Mary doesn’t answer. She’s not going to speak about him any more. ‘Nothing,’ she says, after a while.

‘Nothing?’

‘Nothing. Just looking at the river.’

 

That night he’s with her in her bed.

Not in that way.

She’s lying in her bed with the curtains drawn and the window open because the April night is softer than tissue and because she can’t get enough air. She’s lying on her side facing the window and the room is loud with that song the river has when the rain is spring heavy and the Shannon flowing fast. She can’t sleep. He won’t let her. What was he doing there? Why did he not turn? She’s angry with him, which marks a deepening and keeps him there, as if already their relationship is a living thing and he is already someone with whom she can get angry. She moves on to her other side and puts the pillow over her ear. But it’s useless. Somehow the river is louder when you cover your ears. It’s like the sea in shells. You hear it in your blood. I used try to escape it with headphones when I told Mam I couldn’t bear to hear the river running any more and for weeks she tried everything, taping the vent in the skylight, hanging chimes made of shells, bringing up Dad’s music and playing it loud, but even J.S. Bach had to pause sometime and between his Movements the river sang and in the end I stood in my nightie and opened the skylight and screamed at it, which is neither great for your reputation or stopping river noise.

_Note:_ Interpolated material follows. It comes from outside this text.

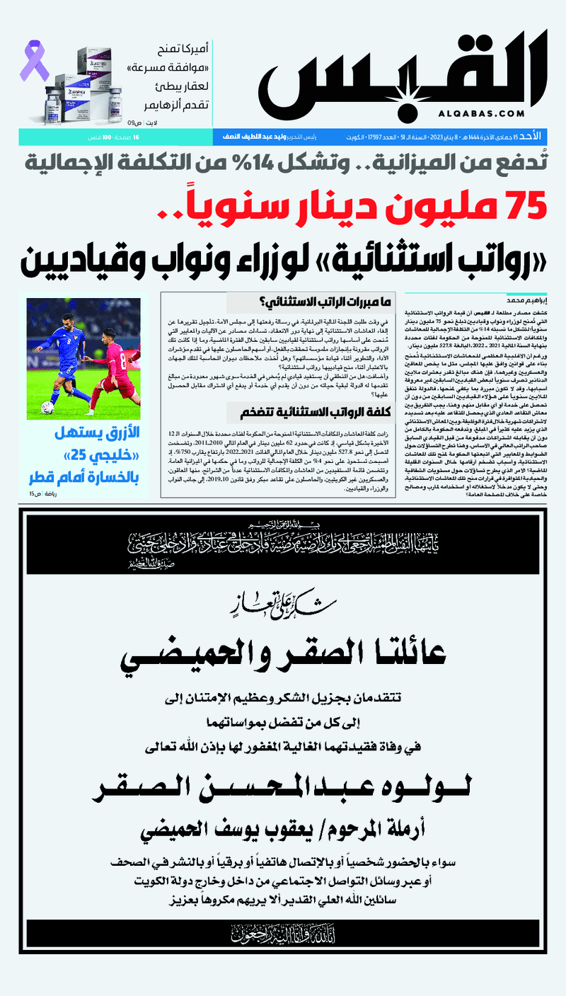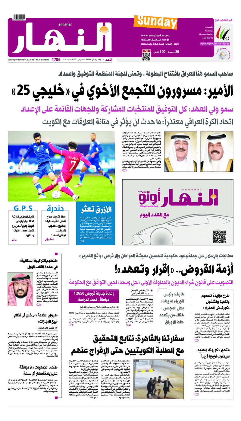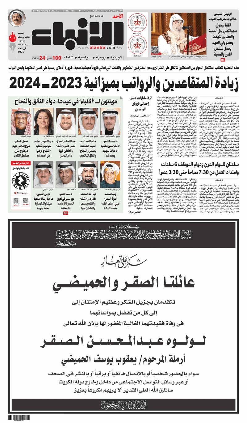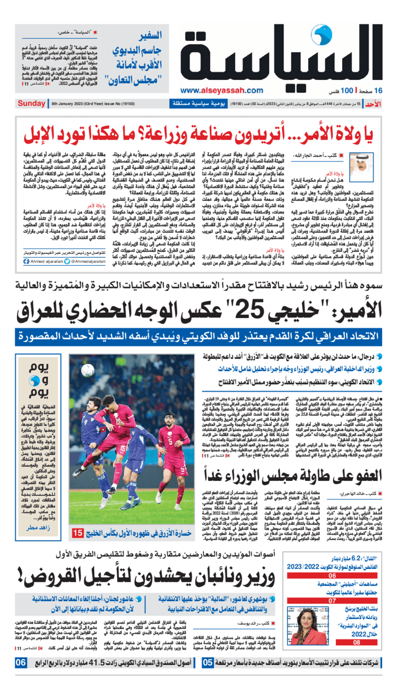 آخر الأخبار جرائم وقضايا “الجمارك” تضبط 29 ألف علبة مشروبات كحولية قادمة من دولة آسيوية في ميناء الشويخ 9 يونيو، 2024 محليات ممثلة عن دولة الكويت الطبيبة الكويتية أسماء الكندري تشارك في المؤتمر العالمي للمناظير في إيطاليا 8 يونيو، 2024 محليات “الصحة”: اكتمال وصول فريق الخدمات الطبية ببعثة الحج الكويتية لمكة المكرمة 8 يونيو، 2024 محليات “الصحة” تحدد 8 مراكز للصحة المدرسية لاستقبال الطلبة المبتعثين 8 يونيو، 2024 عربي وعالمي “الصحة العالمية”: تسجيل أول وفاة لشخص مصاب بـ«أنفلونزا الطيور» 7 يونيو، 2024 محليات عناوين الصحف الكويتية ليوم الأحد 08 يناير 2023 محرر المحليات8 يناير، 2023أضف تعليق1 دقائق جريدة الأنباء جريدة القبس جريدة السياسة جريدة الوطن جريدة النهار جريدة الصباح الوسومTop عناوين الصحف المحلية من الممكن أن يعجبك جرائم وقضايا “الجمارك” تضبط 29 ألف علبة مشروبات كحولية قادمة من دولة آسيوية في ميناء الشويخ محليات ممثلة عن دولة الكويت الطبيبة الكويتية أسماء الكندري تشارك في المؤتمر العالمي للمناظير في إيطاليا محليات “الصحة”: اكتمال وصول فريق الخدمات الطبية ببعثة الحج الكويتية لمكة المكرمة محليات “الصحة” تحدد 8 مراكز للصحة المدرسية لاستقبال الطلبة المبتعثين عربي وعالمي “الصحة العالمية”: تسجيل أول وفاة لشخص مصاب بـ«أنفلونزا الطيور» تكنولوجيا رش السحب بملح البحر.. تجربة “ثورية” لتبريد كوكب الأرض أضف تعليق أضغط هنا لإضافة تعليق إلغاء الردالتعليقالاسم البريد الإلكتروني الموقع الإلكتروني Δ هذا الموقع يستخدم خدمة أكيسميت للتقليل من البريد المزعجة. اعرف المزيد عن كيفية التعامل مع بيانات التعليقات الخاصة بك processed.

Mary’s angry at him. Then she’s angry at herself for even thinking about him. And so in the bed they are joined. It’s not an ideal relationship, but it’s a start. I have the same thing with Vincent Cunningham, so I know. She tells herself to forget about him, but if there’s one sure way not to forget something it’s to say Forget That.

Why is her pillow so lumpy?

Why is the sheet so twisted around her legs?

Why, why, why is there no air in April?

They have a hell of a night together.

In the morning the birds are singing with that extra-demented loudness they have in spring in Clare, they’re all ADHD and they’ve got this urgent message they’re trying to deliver but because God’s a comedian they can only speak it in chirrup. Mary comes into the kitchen. Nan is there already. Since her husband died she can’t bear being in the bed and sleeps in the chair so she’s up before the birds, the bread loaves that were out upside down overnight are now being tapped on their backs before Marty Mungovan who was sweet on Nan from her dancing days comes to collect them.